DATA
BEGIN

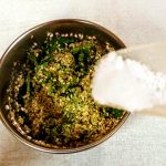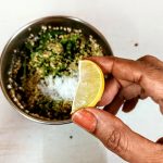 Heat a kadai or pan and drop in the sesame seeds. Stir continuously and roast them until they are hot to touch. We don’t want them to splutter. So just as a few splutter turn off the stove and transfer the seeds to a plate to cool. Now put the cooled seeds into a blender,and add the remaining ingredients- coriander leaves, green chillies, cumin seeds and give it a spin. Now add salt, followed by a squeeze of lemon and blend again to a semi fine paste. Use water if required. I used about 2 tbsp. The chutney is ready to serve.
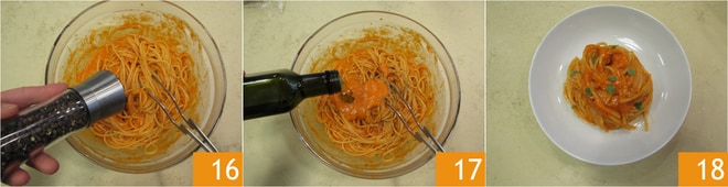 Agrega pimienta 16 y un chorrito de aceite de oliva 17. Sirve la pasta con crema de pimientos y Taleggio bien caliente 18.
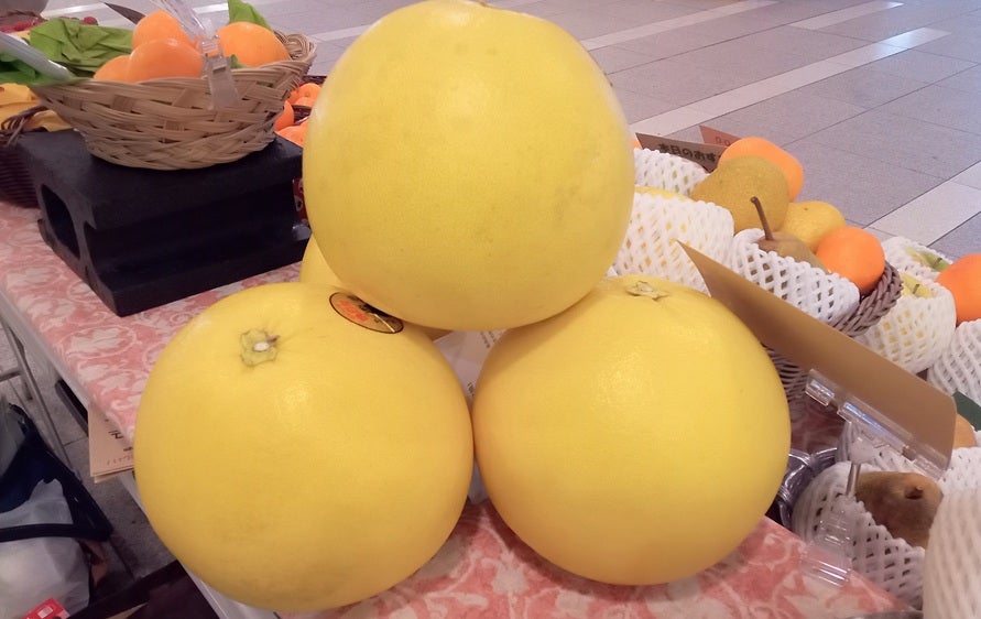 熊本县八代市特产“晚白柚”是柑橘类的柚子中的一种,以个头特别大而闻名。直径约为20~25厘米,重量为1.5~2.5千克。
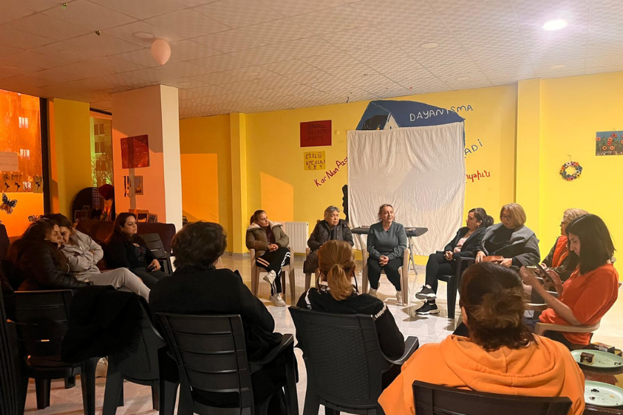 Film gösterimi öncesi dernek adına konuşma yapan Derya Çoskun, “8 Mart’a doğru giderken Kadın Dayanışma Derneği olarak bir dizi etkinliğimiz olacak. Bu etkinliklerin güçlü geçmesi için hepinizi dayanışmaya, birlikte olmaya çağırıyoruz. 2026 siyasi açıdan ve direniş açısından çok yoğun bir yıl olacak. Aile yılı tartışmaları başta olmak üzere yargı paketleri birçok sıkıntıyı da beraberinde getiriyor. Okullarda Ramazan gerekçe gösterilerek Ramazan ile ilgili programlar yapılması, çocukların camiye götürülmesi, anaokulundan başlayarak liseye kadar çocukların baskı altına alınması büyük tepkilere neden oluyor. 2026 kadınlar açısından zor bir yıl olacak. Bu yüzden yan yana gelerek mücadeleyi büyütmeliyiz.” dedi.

END

PROBLEM
Your output should be only the lines from the line with "Agrega pimienta 16" through the end of the data, exactly as they stand, and no pictures.

EXERCISE RESULT
 Agrega pimienta 16 y un chorrito de aceite de oliva 17. Sirve la pasta con crema de pimientos y Taleggio bien caliente 18.
 熊本县八代市特产“晚白柚”是柑橘类的柚子中的一种,以个头特别大而闻名。直径约为20~25厘米,重量为1.5~2.5千克。
 Film gösterimi öncesi dernek adına konuşma yapan Derya Çoskun, “8 Mart’a doğru giderken Kadın Dayanışma Derneği olarak bir dizi etkinliğimiz olacak. Bu etkinliklerin güçlü geçmesi için hepinizi dayanışmaya, birlikte olmaya çağırıyoruz. 2026 siyasi açıdan ve direniş açısından çok yoğun bir yıl olacak. Aile yılı tartışmaları başta olmak üzere yargı paketleri birçok sıkıntıyı da beraberinde getiriyor. Okullarda Ramazan gerekçe gösterilerek Ramazan ile ilgili programlar yapılması, çocukların camiye götürülmesi, anaokulundan başlayarak liseye kadar çocukların baskı altına alınması büyük tepkilere neden oluyor. 2026 kadınlar açısından zor bir yıl olacak. Bu yüzden yan yana gelerek mücadeleyi büyütmeliyiz.” dedi.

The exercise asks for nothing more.